Custom fact type functions for performance

As discussed in the Hash Joins section, Clara supports efficiently joining between facts based on bindings. However, a strategy of using hash joins is not applicable when the problem is not a join between multiple conditions, but rather the check inside a single condition. Suppose for example that we have the rules

(defrecord IdHolder [id])
(defquery even-ids []
     [?even-ids <- (acc/all) :from IdHolder (even? id)])
(defquery odd-ids []
     [?odd-ids <- (acc/all) :from IdHolder (odd? id)])

Suppose that we insert (->IdHolder 1) into the session. Clara will make the calls (even? 1) and (odd? 1) to determine which of these queries the IdHolder should match. However, since a number cannot be both even and odd, it shouldn’t be necessary to do this. In most cases simply doubling the number of calls won’t be a major issue, but suppose that instead we had a thousand different rules that asserted that the ID was a specific value. Something like

(defrule rule1
    [IdHolder (= id "A")])
	=>
	;; do something
	)

(defrule rule2
    [IdHolder (= id "AA")]
	=>
	;; do something
	)

(defrule rule3
    [IdHolder (= id "AAA")]
	=>
	;; do something
	)
.....
(defrule rule1000
     [IdHolder (clojure.string/join (repeat 1000 "A"))]
	 =>
	 ;; do something
	 )

The elipses between rule2 and rule3 represent rules that are missing but follow the pattern laid out. In this case, the id from each IdHolder would be extracted and compared for equality with 1000 diifferent strings, but since these conditions are mutually exclusive this shouldn’t be necessary. The reason for this comparison is that every fact is evaluated against every condition for which its fact type makes it eligible; Clara has no way of knowing that any given IdHolder can match at most one of these rules. However, given a fact, Clara can determine which conditions its fact type makes it eligible to match in constant time (in addition to the time used by the calls to the :fact-type-fn and :ancestors-fn provided). General discussion of this functionality can be found on the fact type customization page. Thus, in the following example, we will avoid the thousand equality checks per IdHolder fact that we had to perform previously.

(defrule rule1
      [[IdHolder "A"]]
	  =>
	  ;; do something
	  )
(defrule rule2
      [[IdHolder "AA"]]
	  =>
	  ;; do something
	  )
(defrule rule3
    [[IdHolder "AAA"]]
	=>
	;; do something
	)
......
(defrule rule1000
     [[IdHolder (clojure.string/join (repeat 1000 "A"))]]
	 =>
	 ;; do something
	 )
(mk-session :fact-type-fn (fn [fact]
                             (cond
                                (instance? IdHolder fact) [`IdHolder (:id fact)]
                                :else (type fact))))

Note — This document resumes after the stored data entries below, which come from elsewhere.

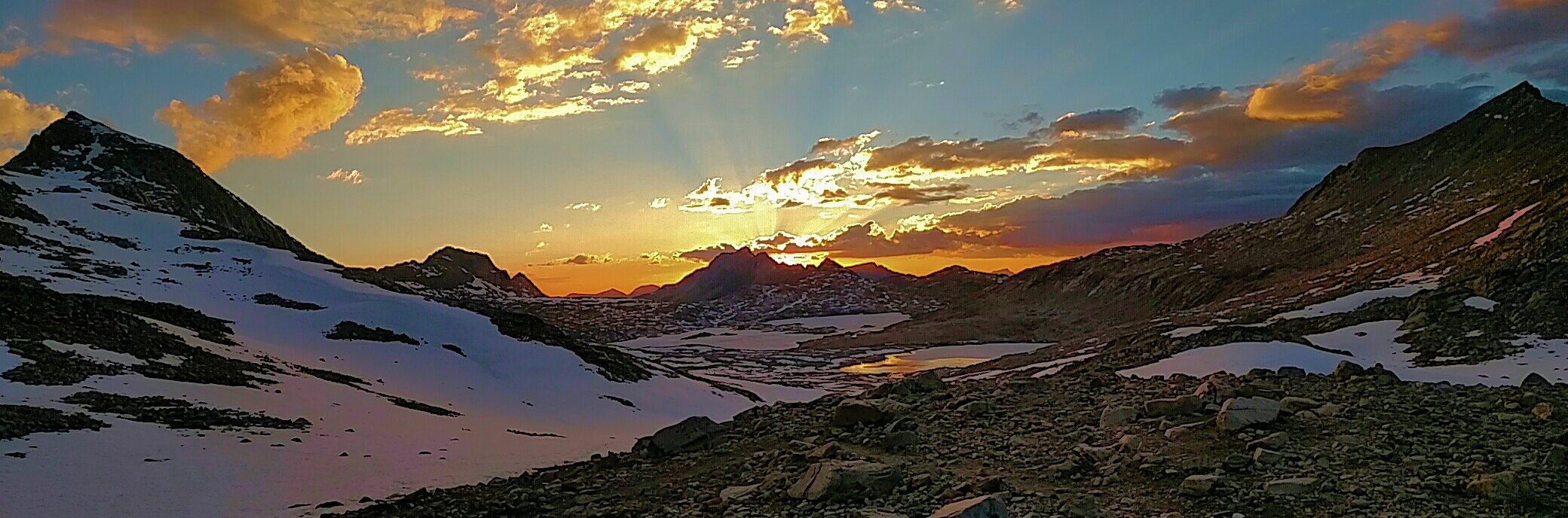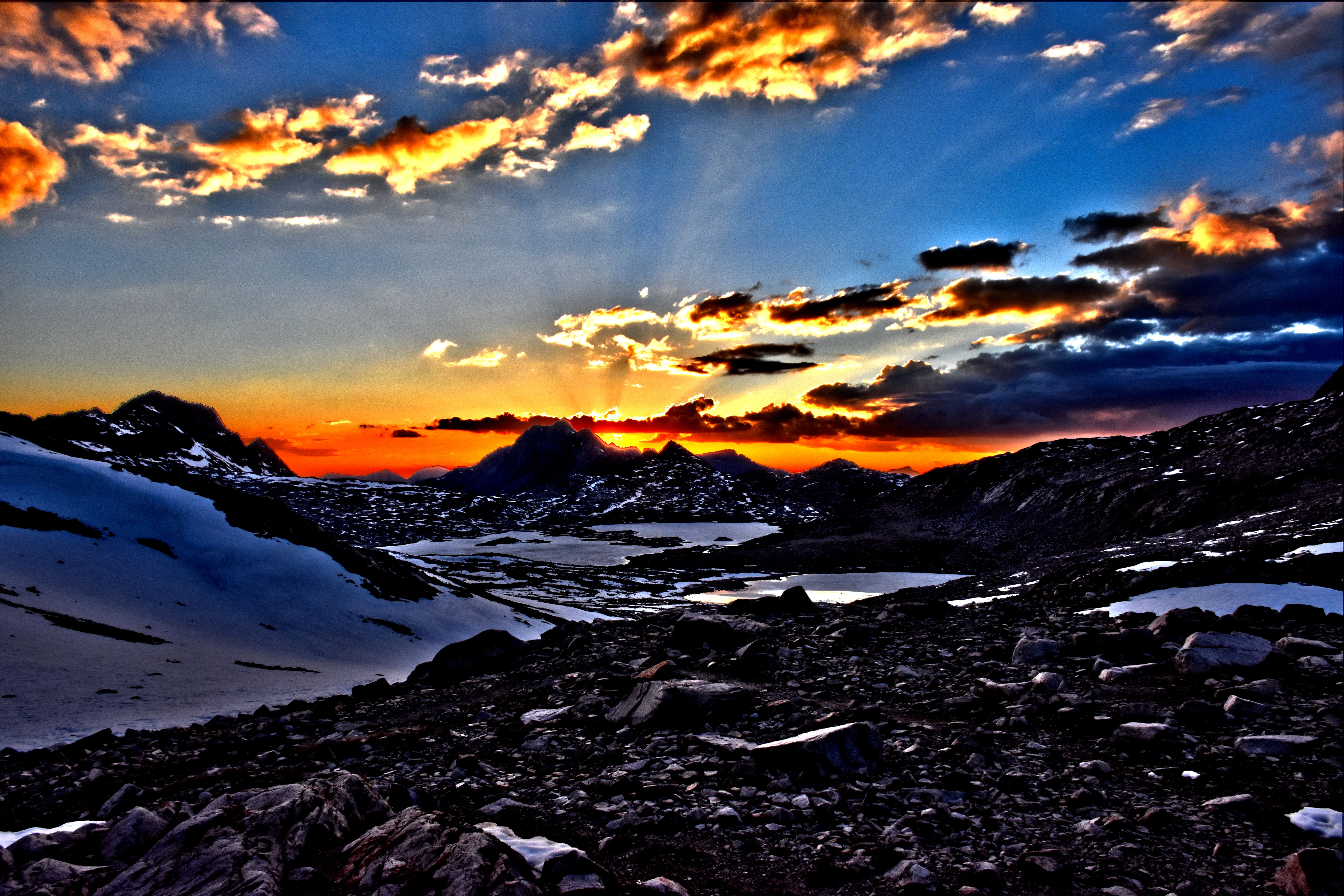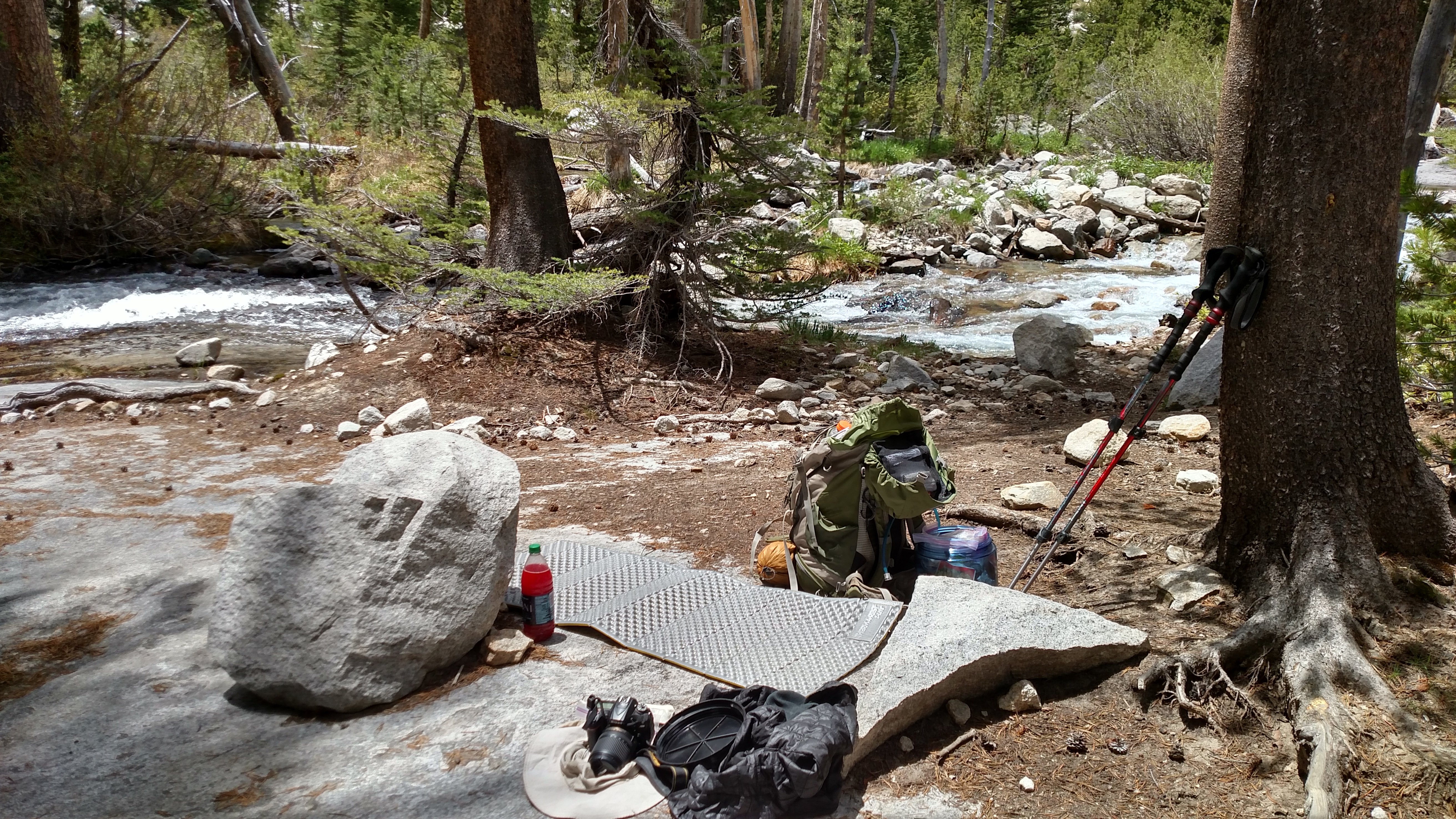 Woke up a little later then normal. Today was a slow day and rumors I had heard told me there will be a lot of snow climbing up to Muir Pass and then down the other side as well. Up until now, every pass is completely snow free on the South side and then completely snow covered on the North side. Not long into the day, I had a early lunch next to a small river and laid out on my foam pad. Not very surprising that I haven’t seen a single person yet today.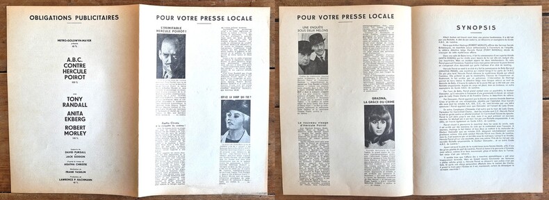 MGM 1965. Plaquette dépliante de 8 pages au format 29,5 x 21 cm. Couvertures illustrées. Premier plat avec petites taches. Deux renforcements au scotch au verso. Intérieur frais avec synopsis, photographies en noir extraites du film, illustrations et 3 pavés de presse, illustrés, de 4 pages. ABC contre Hercule Poirot ( The Alphabet Murders) est une comédie policière britannique, réalisée par Frank Tashlin, sortie en 1965. Scénario d'après le roman " The A.B.C. Murders " d'Agatha Christie publié en 1936. On trouve dans les rôles principaux : Tony Randall, Anita Ekberg, Robert Morley et Maurice Denham. Rare édition originale en bel état général.
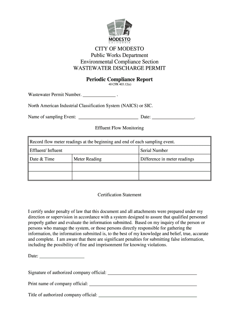 CITY OF MODESTO Public Works Department Environmental Compliance Section WASTEWATER DISCHARGE PERMIT Periodic Compliance Report 40 CFR 403.12(e) Wastewater Permit Number. . North American Industrial

Clara sessions can be roughly thought of as containing a map from fact types to conditions that facts of that type are eligible to meet. This custom :fact-type-fn function will determine the type of each IdHolder fact for rule processing services and then look that type up in this map, rather than essentially iterating over all of the map values to find which ones match. Note that the function returns a vector of a symbol and a string, not of a class and a string. That is necessary to match the vectors in the rules. For normal record-based lookup, Clara resolves the classname symbol in the rule to a class, but this mechanism isn’t applied when compiling the vector-type rules in the example. Also note that if we wanted to write conditions on IdHolder as well as on this tuple type format we’d need to customize the :ancestors-fn since the ancestors of a fact type are determined using the return value of the :fact-type-fn. The fact type customization page discusses the interaction of the :fact-type-fn and :ancestors-fn options in more detail.